* [Problem details]:
Go through the listing below and retype exactly the lines starting at the one with "Three types of paper in one" and ending at the one with "FBMSI算法对20名被试识", skipping pictures.

* [Excerpted data]:
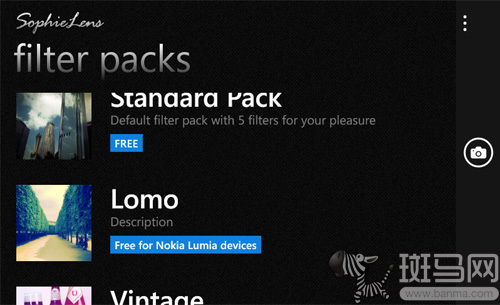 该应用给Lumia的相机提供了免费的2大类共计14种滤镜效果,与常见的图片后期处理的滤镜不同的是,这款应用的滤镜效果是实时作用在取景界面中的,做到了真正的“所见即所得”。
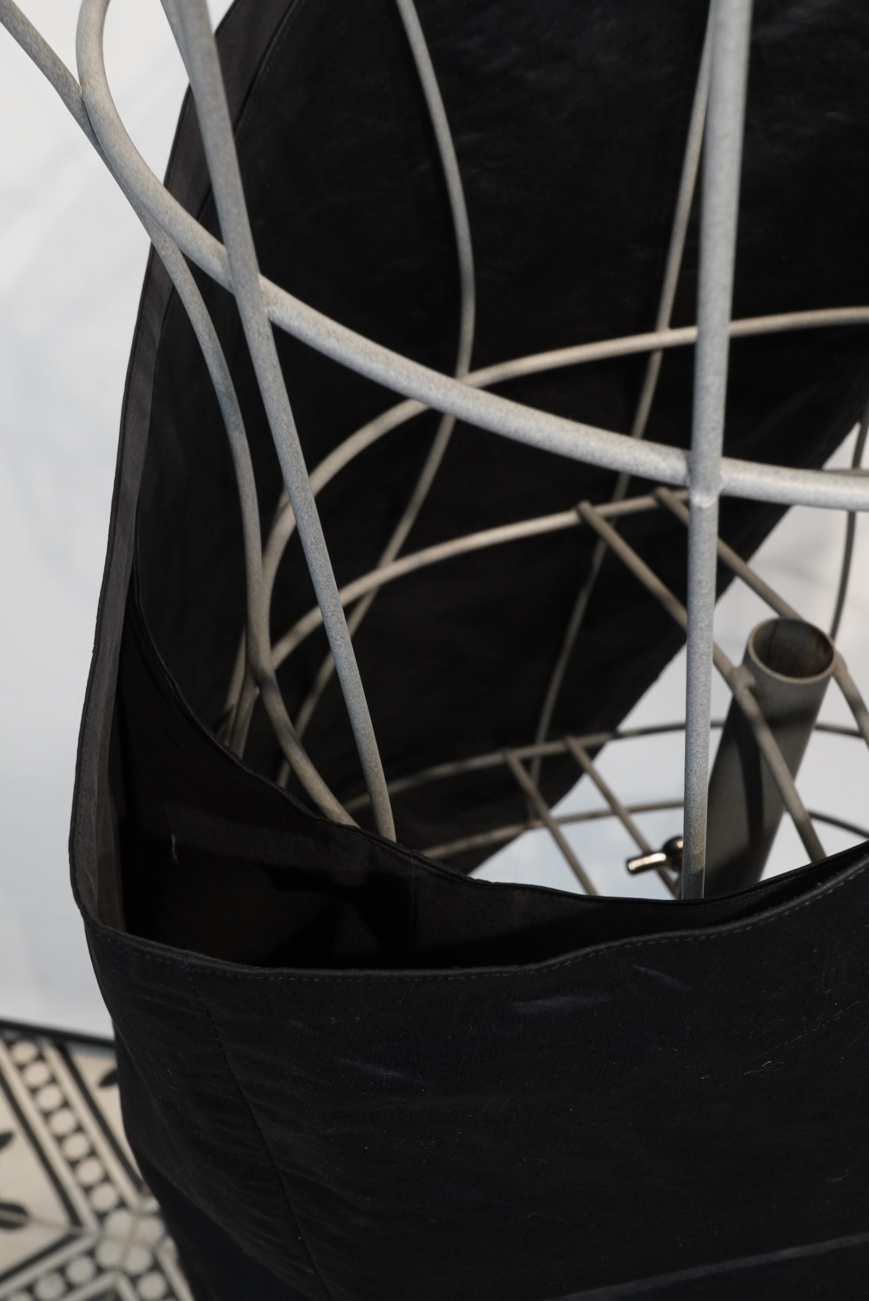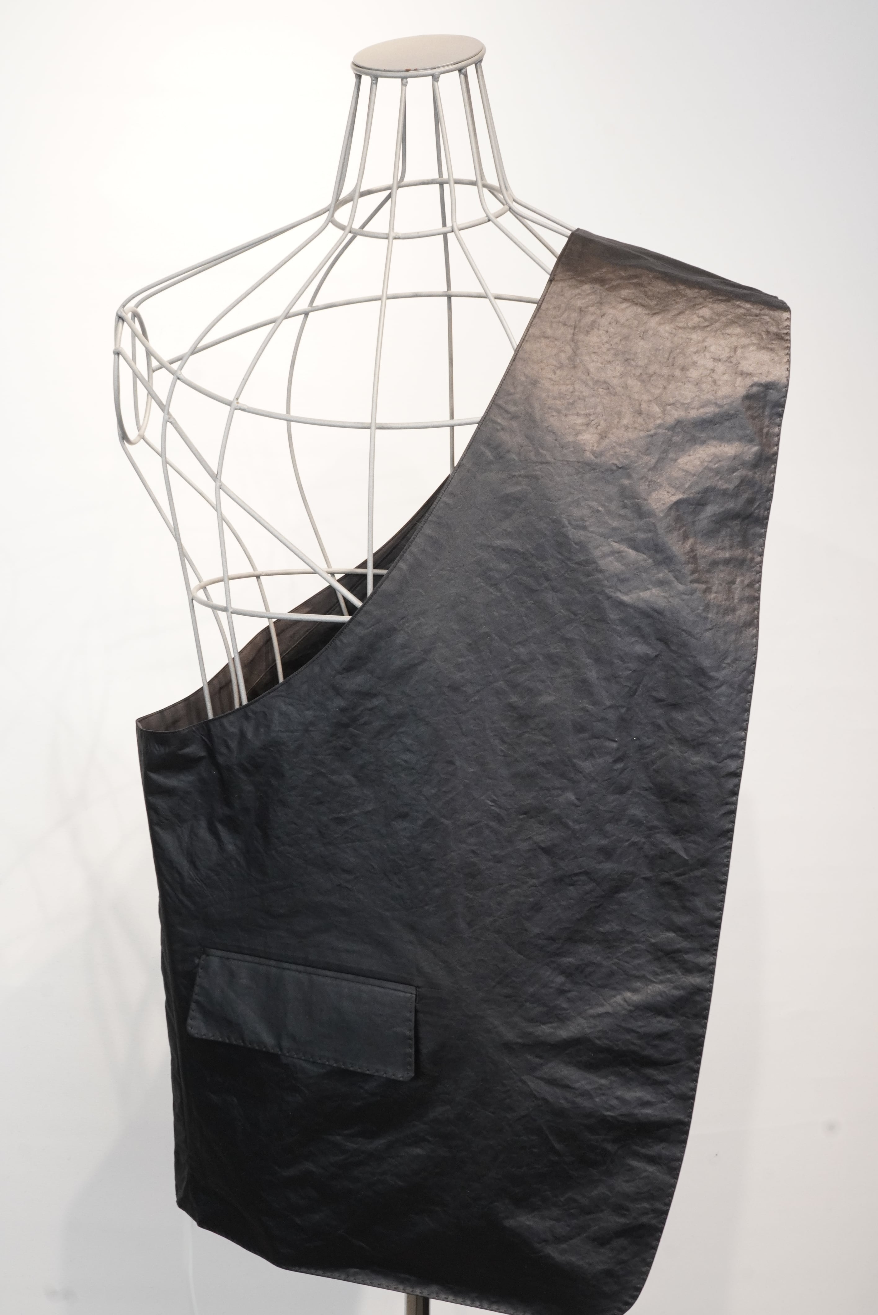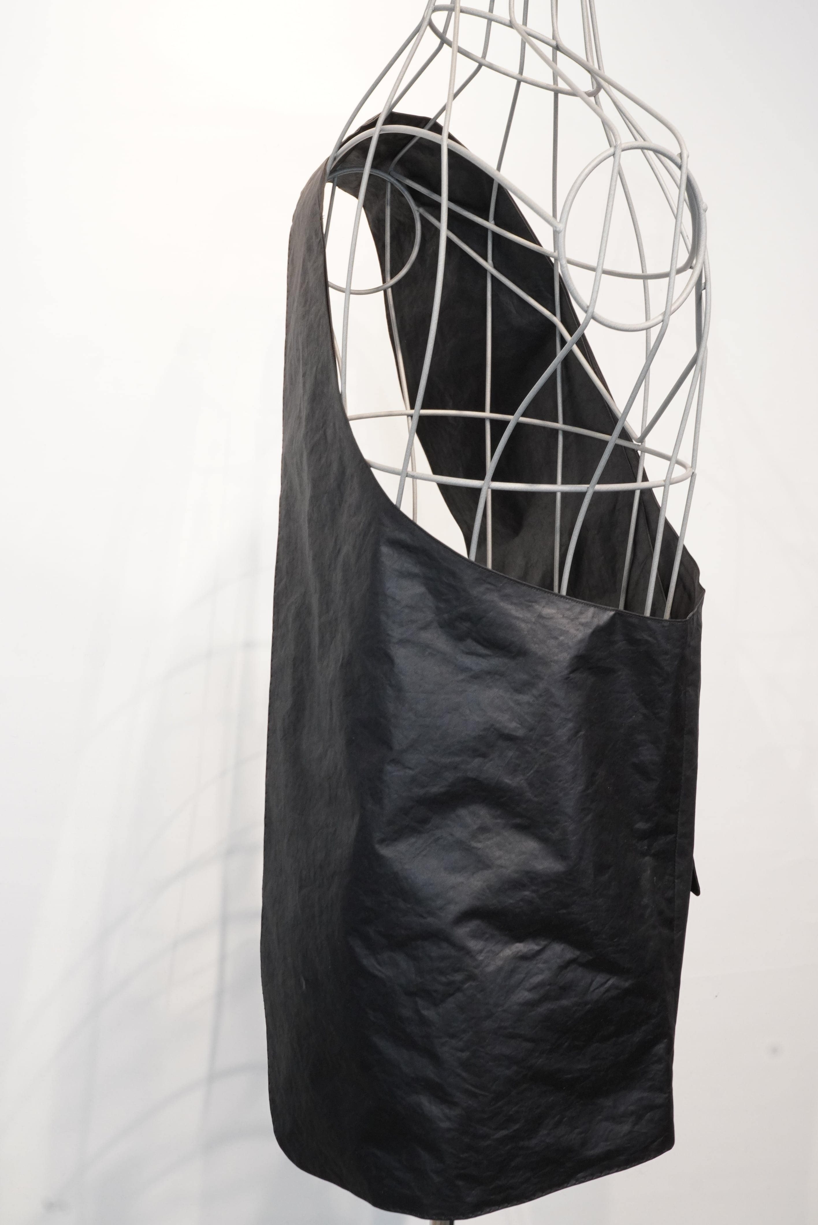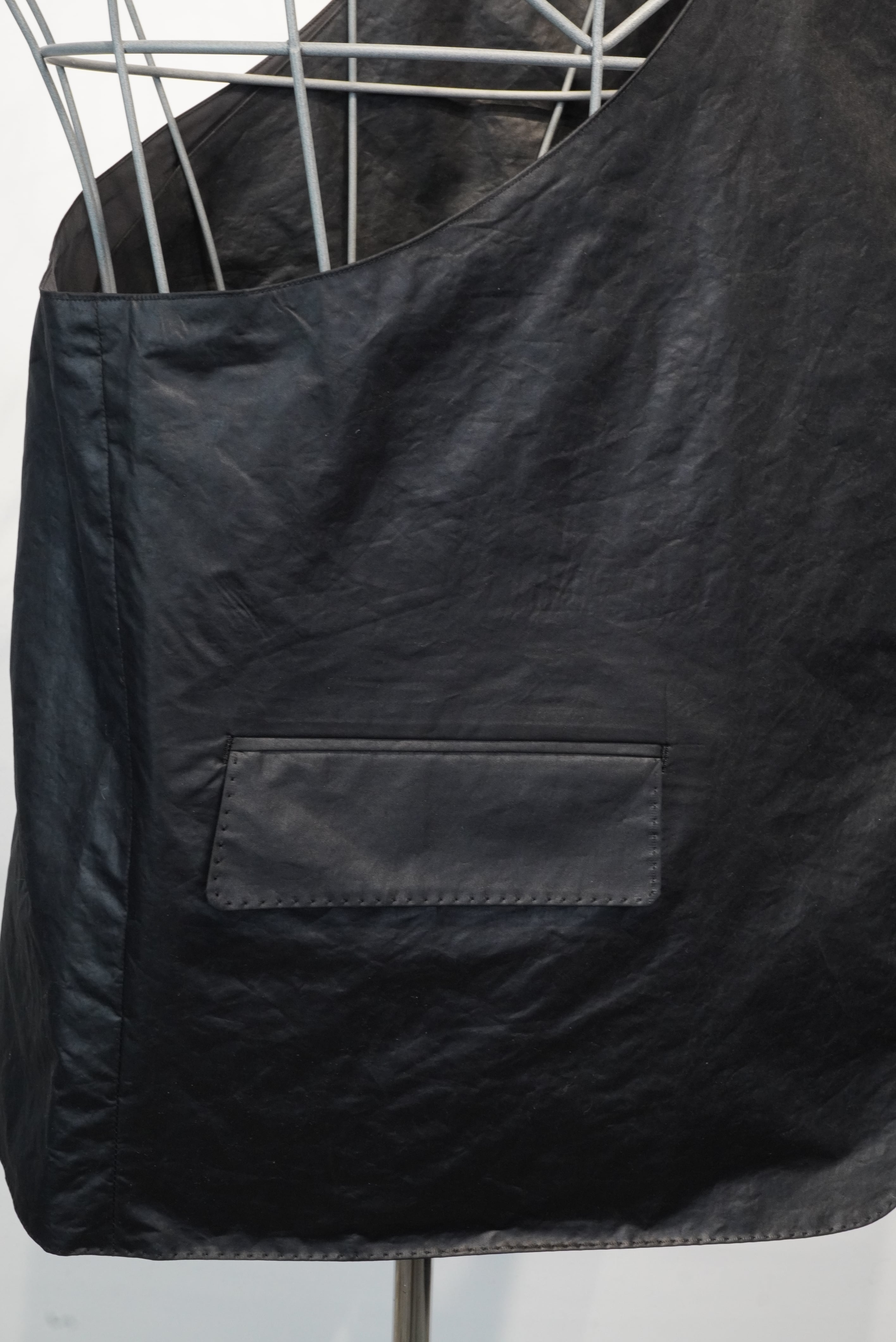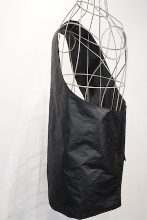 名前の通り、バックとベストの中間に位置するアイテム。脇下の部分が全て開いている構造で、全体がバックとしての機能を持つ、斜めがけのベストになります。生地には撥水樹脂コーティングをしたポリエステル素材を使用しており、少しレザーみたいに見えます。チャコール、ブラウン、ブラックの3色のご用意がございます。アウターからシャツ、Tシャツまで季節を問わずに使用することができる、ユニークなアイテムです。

---

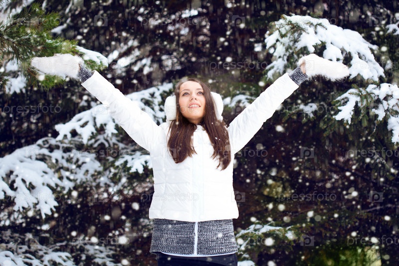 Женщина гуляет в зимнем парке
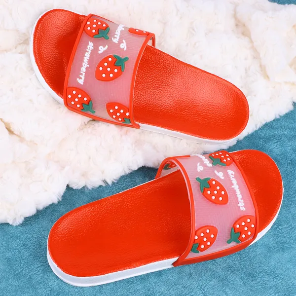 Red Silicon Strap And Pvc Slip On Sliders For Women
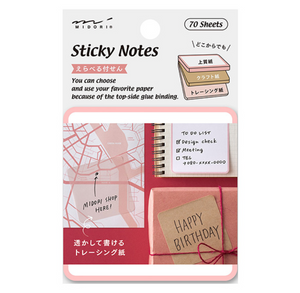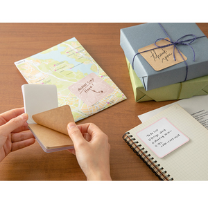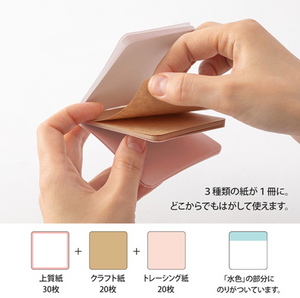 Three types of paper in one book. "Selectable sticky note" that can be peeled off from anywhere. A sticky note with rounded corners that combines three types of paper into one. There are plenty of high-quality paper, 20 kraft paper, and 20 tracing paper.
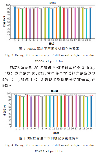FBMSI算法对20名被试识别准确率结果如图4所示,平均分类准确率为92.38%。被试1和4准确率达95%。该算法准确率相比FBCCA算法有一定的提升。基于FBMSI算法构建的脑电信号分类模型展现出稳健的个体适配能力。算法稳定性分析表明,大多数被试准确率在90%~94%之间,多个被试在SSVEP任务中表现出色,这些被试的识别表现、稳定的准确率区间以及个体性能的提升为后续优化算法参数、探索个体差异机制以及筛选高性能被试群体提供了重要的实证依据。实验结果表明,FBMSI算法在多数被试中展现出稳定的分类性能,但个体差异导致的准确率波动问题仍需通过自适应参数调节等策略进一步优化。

* [Answer area]:
 Three types of paper in one book. "Selectable sticky note" that can be peeled off from anywhere. A sticky note with rounded corners that combines three types of paper into one. There are plenty of high-quality paper, 20 kraft paper, and 20 tracing paper.
FBMSI算法对20名被试识别准确率结果如图4所示,平均分类准确率为92.38%。被试1和4准确率达95%。该算法准确率相比FBCCA算法有一定的提升。基于FBMSI算法构建的脑电信号分类模型展现出稳健的个体适配能力。算法稳定性分析表明,大多数被试准确率在90%~94%之间,多个被试在SSVEP任务中表现出色,这些被试的识别表现、稳定的准确率区间以及个体性能的提升为后续优化算法参数、探索个体差异机制以及筛选高性能被试群体提供了重要的实证依据。实验结果表明,FBMSI算法在多数被试中展现出稳定的分类性能,但个体差异导致的准确率波动问题仍需通过自适应参数调节等策略进一步优化。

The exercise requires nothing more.